> **Try it**: Transcribe the records below in their entirety, and leave out each image.

> **Excerpted data**:
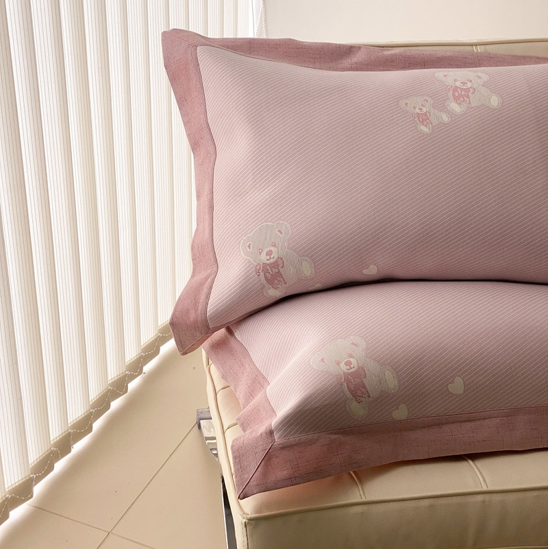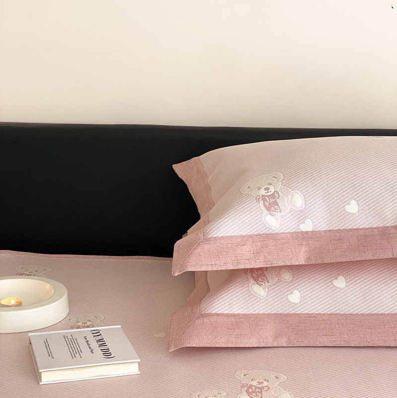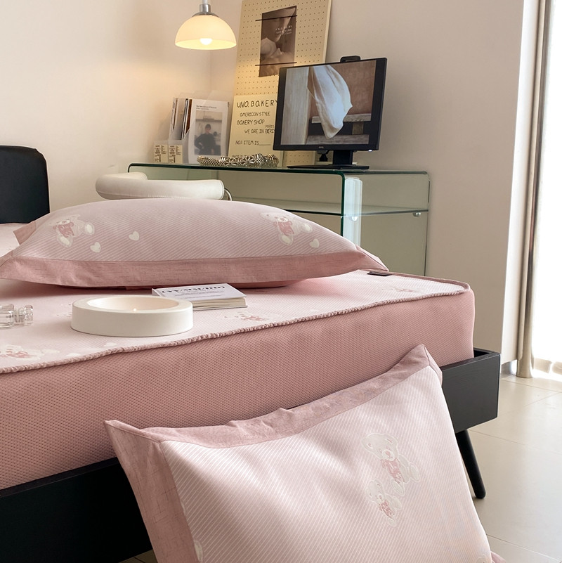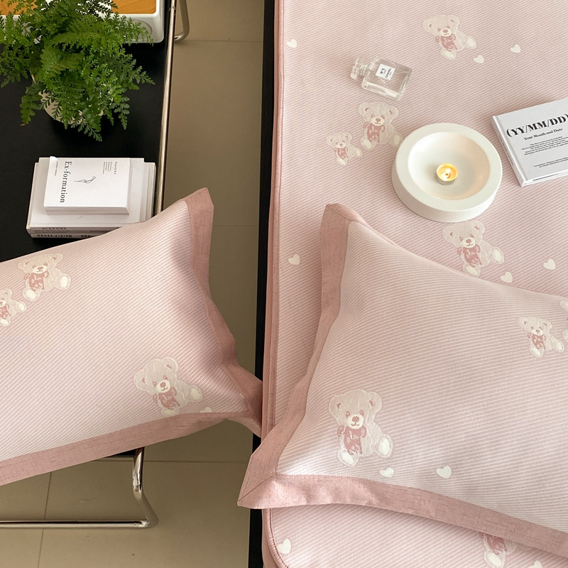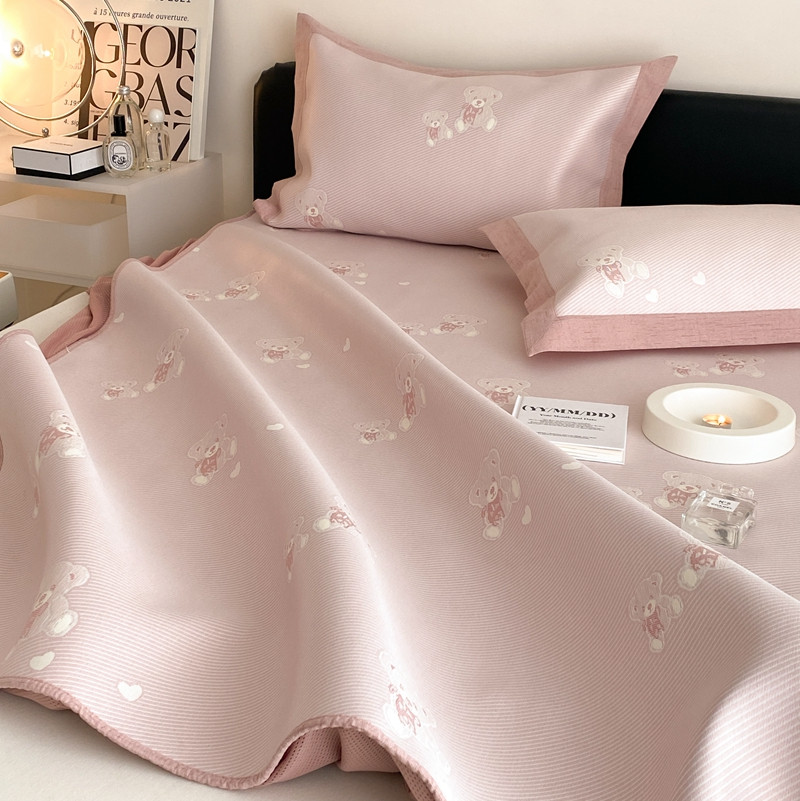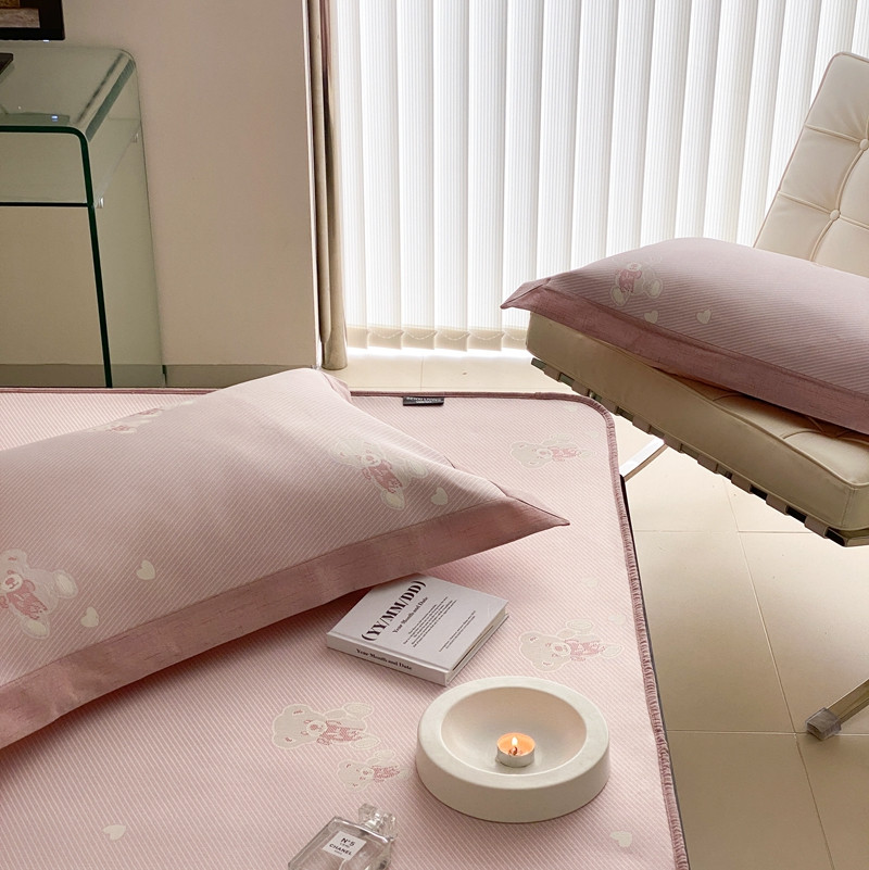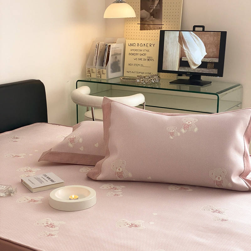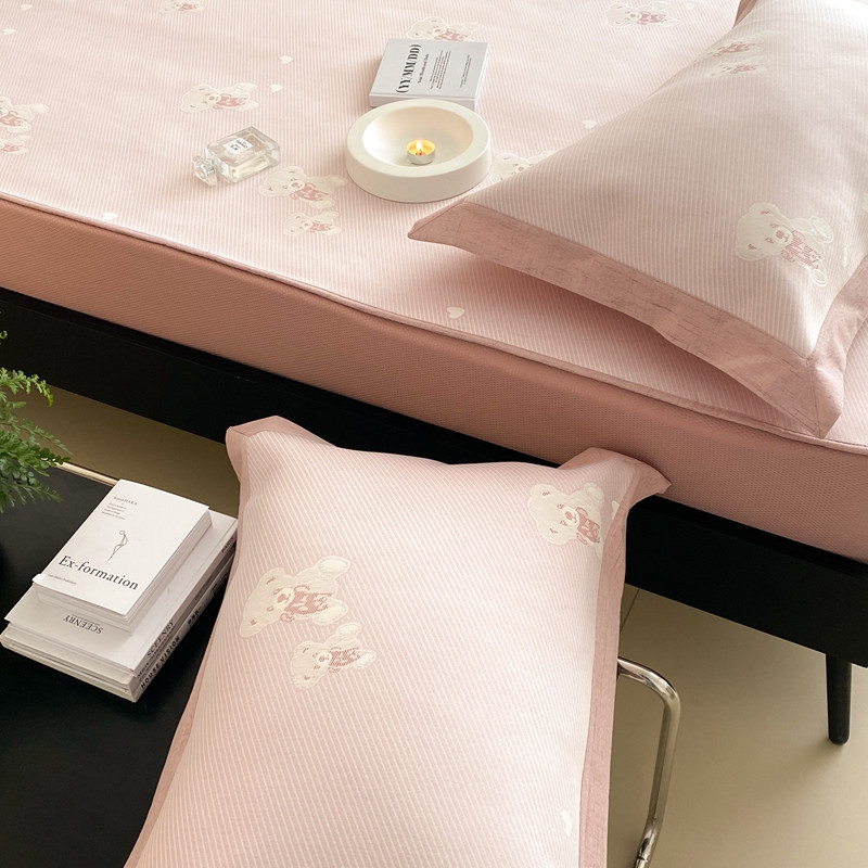 本希 2022新款高端床笠款水洗冰丝席-简约款 小熊-淡雅粉床笠款
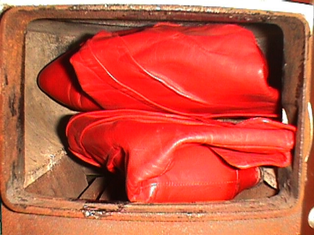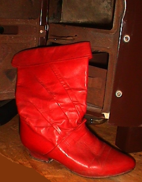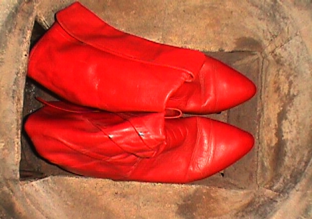 Während ich die nicht noch einmal getragenen schwarzen, nietenverzierten Stiefeletten nach einigen Jahren "Liegezeit" verbrannt hatte, trug ich diese Roten noch sehr oft und gern. Beim ersten Umzug hatte ich sie dann in einen Karton verpackt und seitdem nicht wieder ans Tageslicht gebracht.
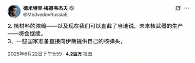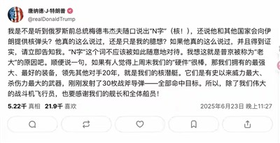 恰在此时,俄罗斯梅德韦杰夫于当地时间22日在社交媒体上发问,“美国人对伊朗三个核设施的夜间打击取得了什么成果?”随后列举了10条“成果”,其中之一是“一些国家准备直接向伊朗提供自己的核弹头”。
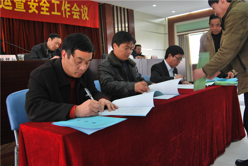 會上副總經(jīng)理薛和有對集團公司2011年春運工作作了布置,安全機務(wù)部經(jīng)理李秦杭對集團公司2011年安全生產(chǎn)工作作了布置??偨?jīng)理虞大貴代表集團公司與各相關(guān)單位簽訂了2011年安全生產(chǎn)責任書和綜合治理責任書。
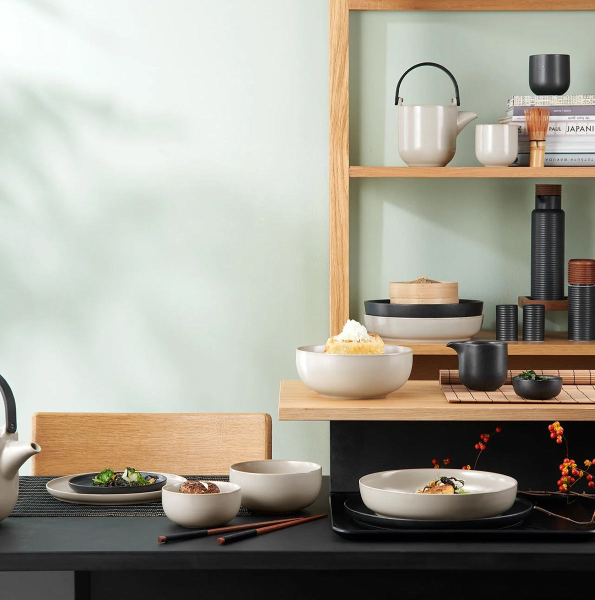 Inspiriert von der Vielfalt der asiatischen Küche fängt die zarte Glasur den subtilen Farbton von Tofu ein. Die leichte Reaktion am Rand sorgt für eine einzigartige Note, die jedes Stück zu einem individuellen Kunstwerk macht. Alle Teile dieser Serie werden aus hochwertigem Porzellan hergestellt. Das macht die Serie besonders robust und auch für die Gastronomie geeignet.

> **Reply to the exercise**:
 本希 2022新款高端床笠款水洗冰丝席-简约款 小熊-淡雅粉床笠款
 Während ich die nicht noch einmal getragenen schwarzen, nietenverzierten Stiefeletten nach einigen Jahren "Liegezeit" verbrannt hatte, trug ich diese Roten noch sehr oft und gern. Beim ersten Umzug hatte ich sie dann in einen Karton verpackt und seitdem nicht wieder ans Tageslicht gebracht.
 恰在此时,俄罗斯梅德韦杰夫于当地时间22日在社交媒体上发问,“美国人对伊朗三个核设施的夜间打击取得了什么成果?”随后列举了10条“成果”,其中之一是“一些国家准备直接向伊朗提供自己的核弹头”。
 會上副總經(jīng)理薛和有對集團公司2011年春運工作作了布置,安全機務(wù)部經(jīng)理李秦杭對集團公司2011年安全生產(chǎn)工作作了布置??偨?jīng)理虞大貴代表集團公司與各相關(guān)單位簽訂了2011年安全生產(chǎn)責任書和綜合治理責任書。
 Inspiriert von der Vielfalt der asiatischen Küche fängt die zarte Glasur den subtilen Farbton von Tofu ein. Die leichte Reaktion am Rand sorgt für eine einzigartige Note, die jedes Stück zu einem individuellen Kunstwerk macht. Alle Teile dieser Serie werden aus hochwertigem Porzellan hergestellt. Das macht die Serie besonders robust und auch für die Gastronomie geeignet.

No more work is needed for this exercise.